Begin at the line containing "Comedian Zainab Johnson" in the records below, end at the line containing "Organize your wardrobe", and retype each line in that span exactly. No other line and no image should appear.

## Source information
BEGIN

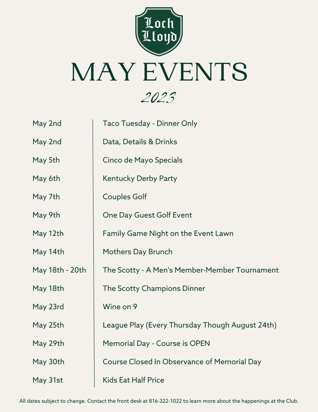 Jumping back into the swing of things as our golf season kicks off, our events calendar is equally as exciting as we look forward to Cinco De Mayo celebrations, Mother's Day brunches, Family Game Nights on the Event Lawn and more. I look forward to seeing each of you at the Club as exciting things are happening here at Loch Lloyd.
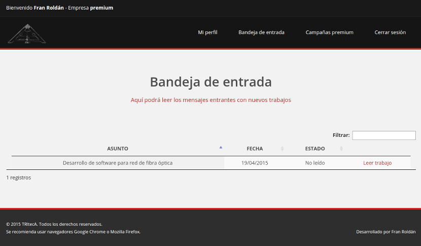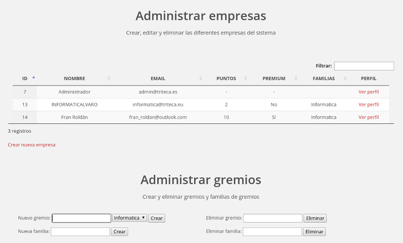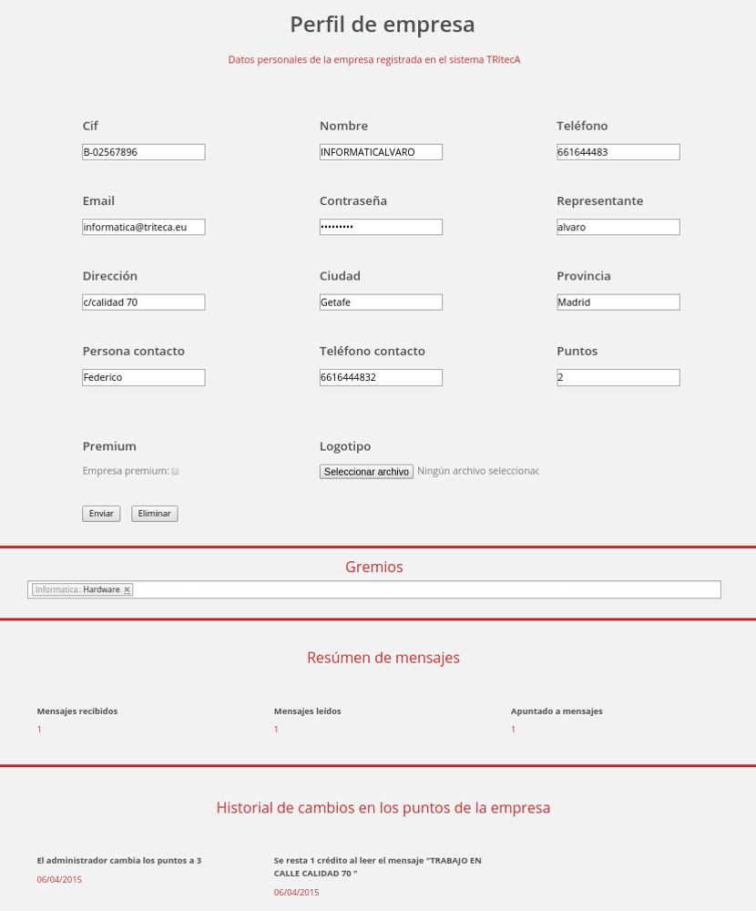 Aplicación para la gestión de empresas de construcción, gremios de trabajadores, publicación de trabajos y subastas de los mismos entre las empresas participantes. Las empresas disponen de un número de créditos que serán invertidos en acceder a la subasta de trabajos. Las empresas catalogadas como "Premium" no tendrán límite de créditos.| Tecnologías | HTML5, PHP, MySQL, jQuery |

END
BEGIN

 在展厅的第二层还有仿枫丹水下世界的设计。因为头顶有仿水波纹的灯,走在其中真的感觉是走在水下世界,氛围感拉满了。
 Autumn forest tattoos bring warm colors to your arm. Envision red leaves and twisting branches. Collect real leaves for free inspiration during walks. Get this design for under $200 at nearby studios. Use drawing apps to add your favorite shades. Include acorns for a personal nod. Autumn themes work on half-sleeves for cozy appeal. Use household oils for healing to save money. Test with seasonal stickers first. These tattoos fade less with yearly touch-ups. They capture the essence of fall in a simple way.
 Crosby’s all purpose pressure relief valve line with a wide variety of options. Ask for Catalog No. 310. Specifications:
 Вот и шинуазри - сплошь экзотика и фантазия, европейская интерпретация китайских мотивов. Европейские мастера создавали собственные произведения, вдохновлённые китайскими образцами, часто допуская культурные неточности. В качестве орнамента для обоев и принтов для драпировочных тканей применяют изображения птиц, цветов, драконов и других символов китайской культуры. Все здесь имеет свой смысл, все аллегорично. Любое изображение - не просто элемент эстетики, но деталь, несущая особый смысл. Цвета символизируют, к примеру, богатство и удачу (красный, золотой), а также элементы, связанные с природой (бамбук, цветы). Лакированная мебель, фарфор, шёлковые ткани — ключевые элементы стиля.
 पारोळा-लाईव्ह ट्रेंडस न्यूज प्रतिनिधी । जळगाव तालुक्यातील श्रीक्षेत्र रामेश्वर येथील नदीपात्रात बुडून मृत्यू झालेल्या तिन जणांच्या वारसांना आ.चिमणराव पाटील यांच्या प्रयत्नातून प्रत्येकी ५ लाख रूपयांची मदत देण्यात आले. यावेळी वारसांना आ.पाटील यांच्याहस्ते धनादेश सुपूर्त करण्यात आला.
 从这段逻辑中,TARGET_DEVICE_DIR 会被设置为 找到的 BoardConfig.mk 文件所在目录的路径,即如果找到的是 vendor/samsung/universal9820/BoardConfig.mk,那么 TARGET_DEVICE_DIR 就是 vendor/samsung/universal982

END
BEGIN

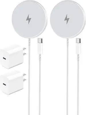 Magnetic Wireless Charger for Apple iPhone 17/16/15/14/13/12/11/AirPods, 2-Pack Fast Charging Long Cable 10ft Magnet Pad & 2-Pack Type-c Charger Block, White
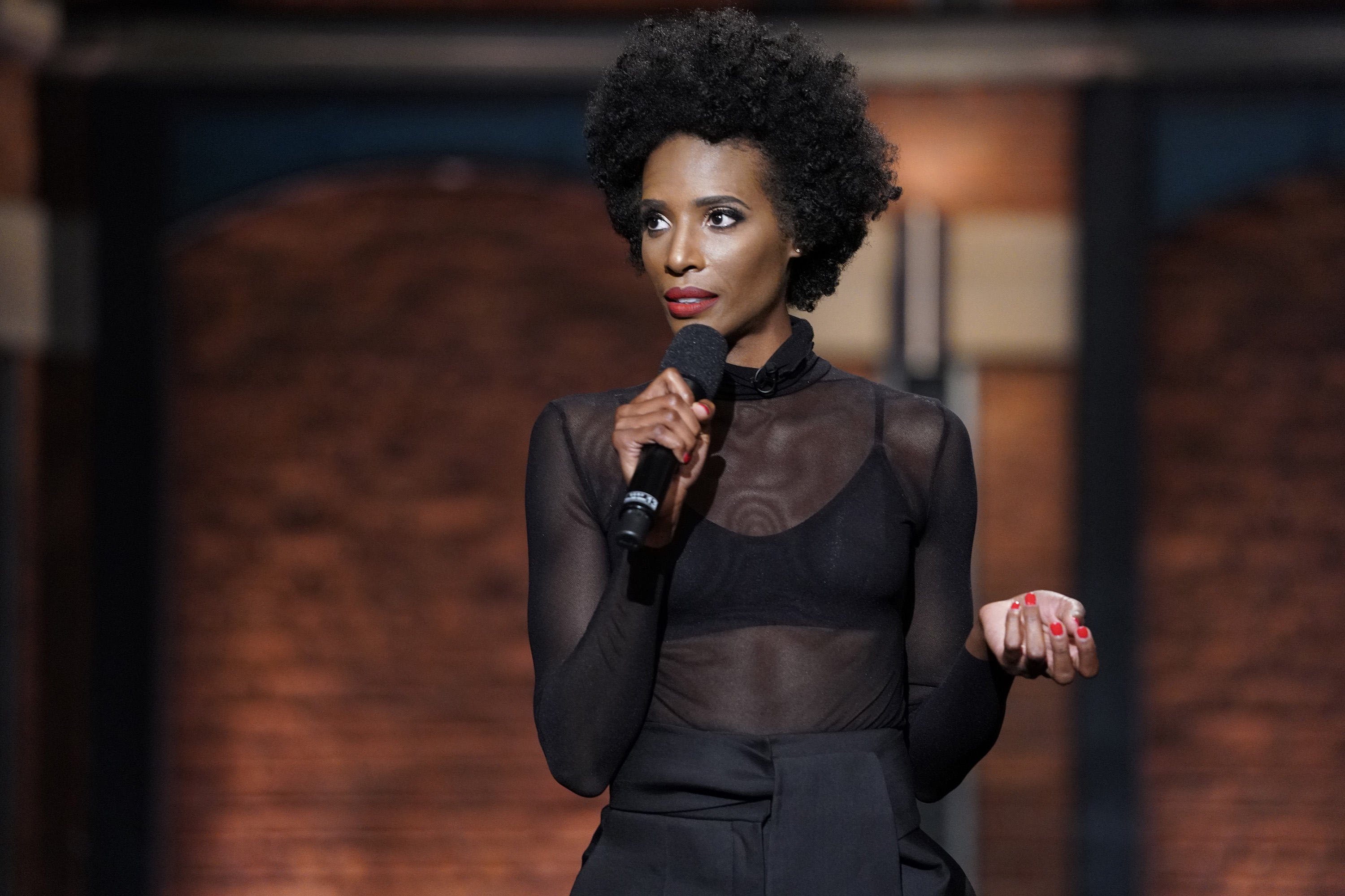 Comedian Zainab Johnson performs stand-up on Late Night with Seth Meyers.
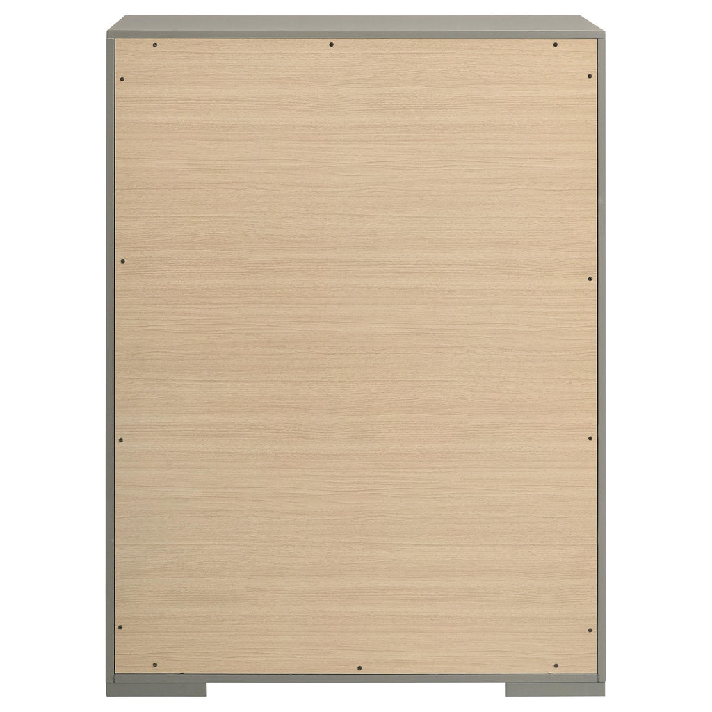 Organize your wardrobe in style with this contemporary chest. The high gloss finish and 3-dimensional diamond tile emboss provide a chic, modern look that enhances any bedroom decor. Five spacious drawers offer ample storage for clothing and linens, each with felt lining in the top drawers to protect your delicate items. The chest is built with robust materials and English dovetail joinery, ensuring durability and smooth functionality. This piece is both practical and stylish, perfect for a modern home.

END

## Reply to the task
 Comedian Zainab Johnson performs stand-up on Late Night with Seth Meyers.
 Organize your wardrobe in style with this contemporary chest. The high gloss finish and 3-dimensional diamond tile emboss provide a chic, modern look that enhances any bedroom decor. Five spacious drawers offer ample storage for clothing and linens, each with felt lining in the top drawers to protect your delicate items. The chest is built with robust materials and English dovetail joinery, ensuring durability and smooth functionality. This piece is both practical and stylish, perfect for a modern home.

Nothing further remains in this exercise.